With the main intention of designing a gaze estimator robust to head pose, Funes and Odobez [
7,
34] proposed the first model-based pose estimator by building a subject-specific model-based face tracker using Iterative Closest Point (ICP) and 3D Morphable Models. Their system is not only able to estimate the pose, but is also able to track the face and stabilize it. A major limitation of their method is the offline step for subject specific 3D head model reconstruction. For this purpose, they manually placed landmarks (eye corners, eyebrows, mouth corners) on RGB image of the subject, and consequently added an extra term to the cost function in their ICP formulation.

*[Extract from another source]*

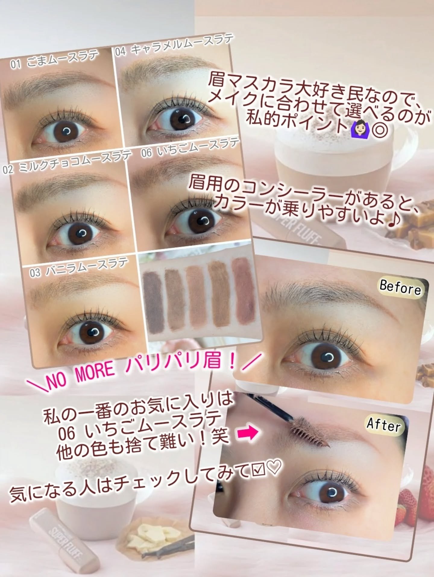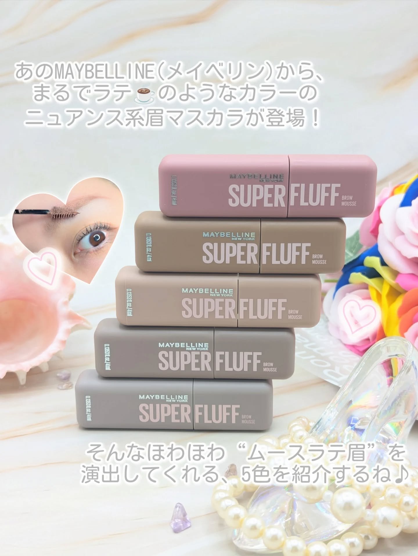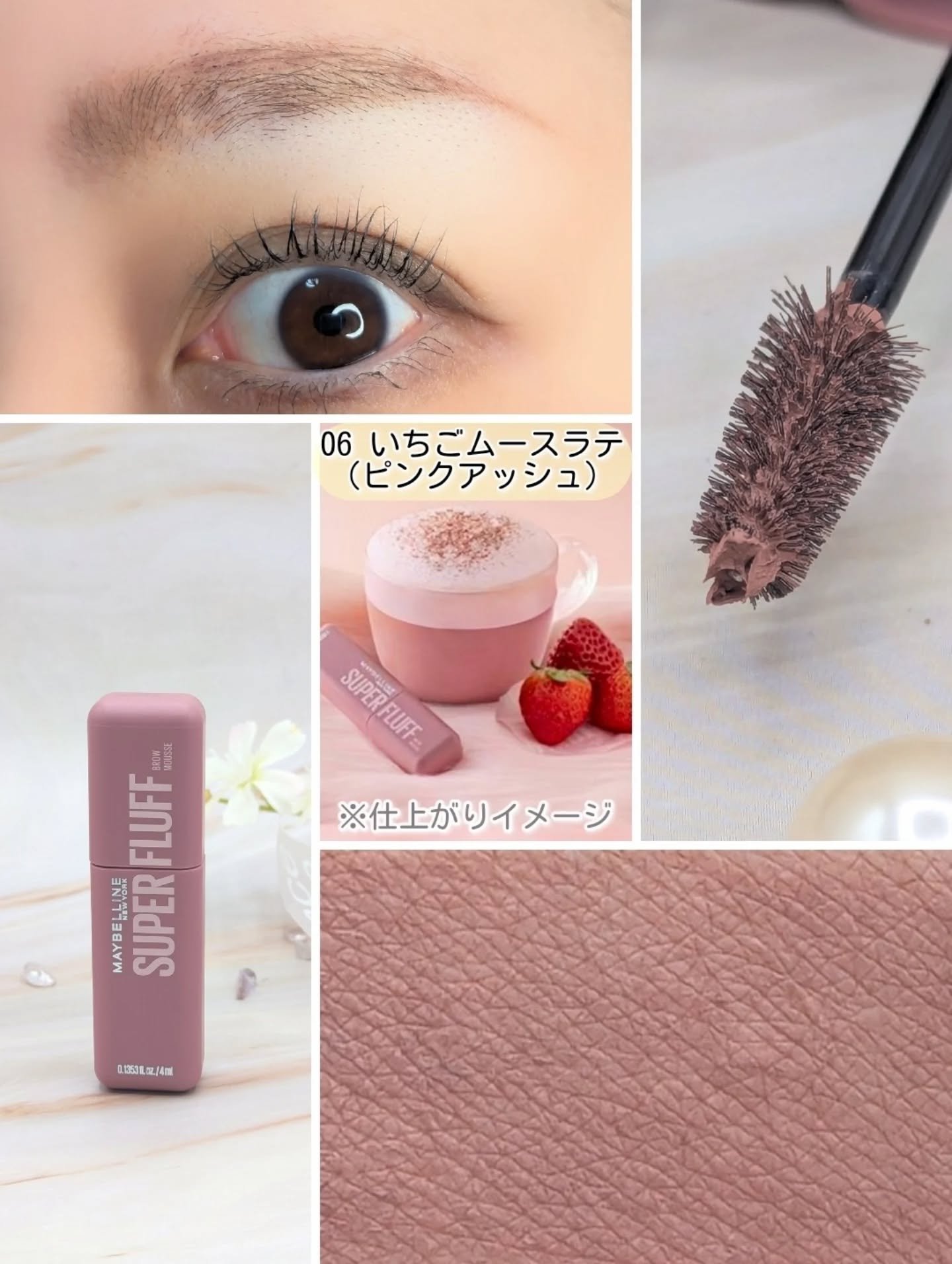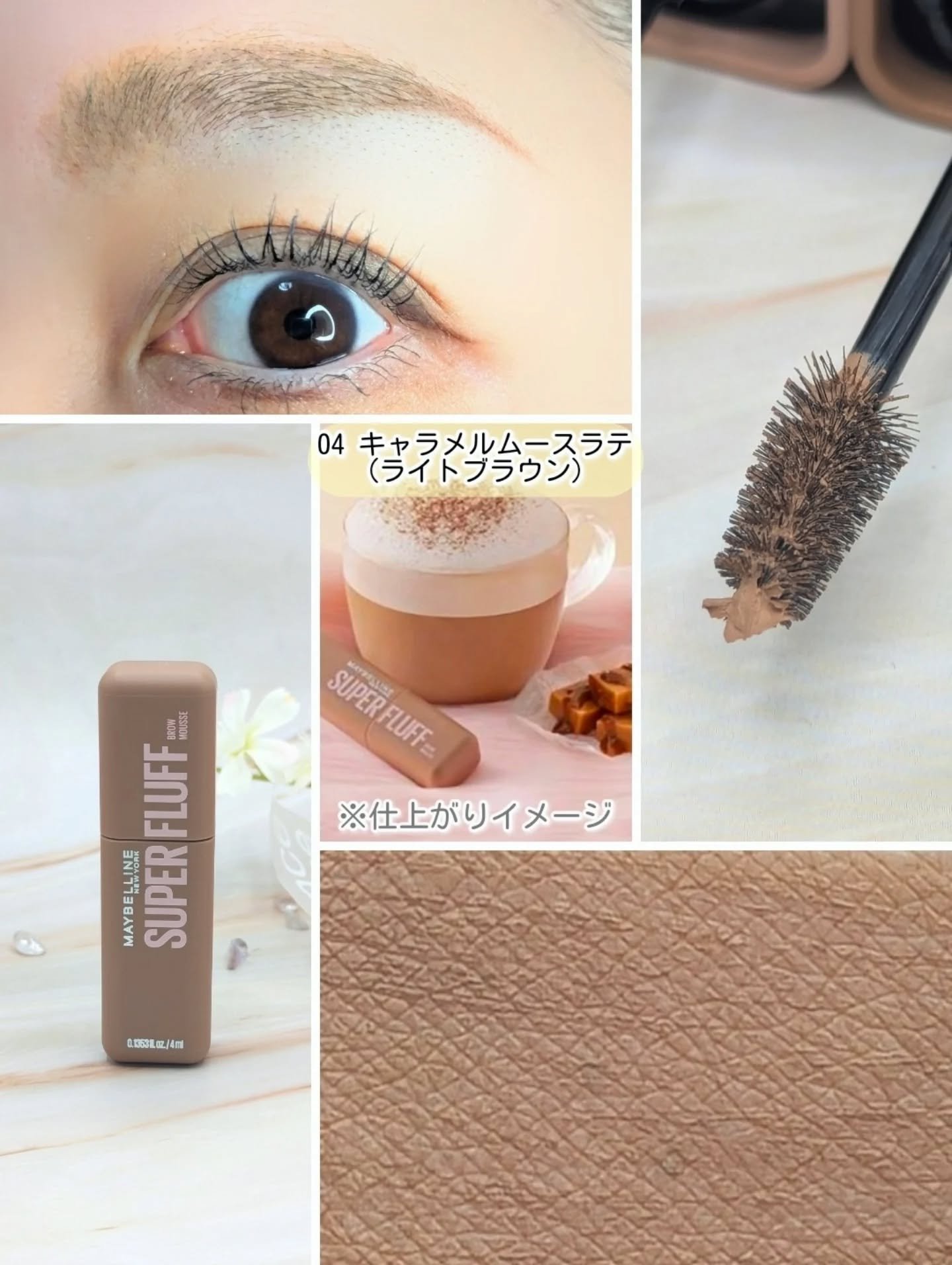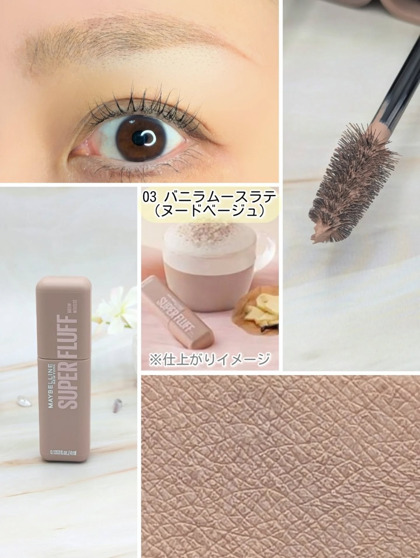 - \NO MORE パリパリ眉!/ 1日*ずっと、ほわっふわ眉。ムラなく色づき、黒眉ミュート ★商品特徴 ①エアリームーステクスチャー 空気とパウダーを混ぜて泡立てたような、軽やかなホイップムーステクスチャーだから、 べったりつかず、固くならない。ふわふわ仕上がり24時間*つづく。 ②テク要らずミニブラシ 先端に向かって細くなるブラシが、細かい毛も余さずキャッチするから、眉頭から眉尻まで均一にムラなく塗れる。 ③全5色展開 なりたい印象に合わせて選べる5色展開。 自眉の黒を消して存在感を抑えたい方にも、髪色に合わせた自然な眉にしたい方にも。 ★カラー展開 -ピンクアッシュ :いちごムースラテ -ライトブラウン :キャラメルムースラテ -ヌードベージュ :バニラムースラテ -アッシュブラウン:ミルクチョコムースラテ -グレーブラウン :ごまムースラテ * メイベリンニューヨーク調べ。個人差があります。

In other words, their ICP formulation is supported by a manual term. Moreover, the user has to cooperate with the system and turn their head from left to right. Recently, the authors proposed a more recent version of their system in the work of [
11] without the need for manual intervention.
1.3. Contribution of the Proposed Approach
Unlike [
2,
3,
7,
34], our proposed system does not require any commercial system to learn a subject’s head or any offline step. A key contribution of our approach is to propose a method to automatically learn a subject’s 3D face rather than the entire 3D head. Consequently, we no longer need subject’s cooperation (i.e., turning their head from left to right), which is important in previous works for model-based pose estimation systems. In addition, unlike [
7], our system does not require any manual intervention for model reconstruction. Instead, we rely on Haar features and boosting for facial feature detection, which, in turn, can be used for face model construction. Note that we use only one RGB frame for model reconstruction. The tracking step is based on depth frames only. After learning a subject’s face, the pose estimation task is performed by a fully automatic, user non-cooperative and generic ICP formulation without any manual term. Our ICP formulation is robustified with Tukey functions in tracking mode. Thanks to the Tukey functions, our method successfully tracks a subject face in challenging scenarios. The outline of the paper is as follows: The method details are explained in
Section 2. Afterwards, the experimental results are discussed in
Section 3. Finally, the conclusions are drawn in
Section 4.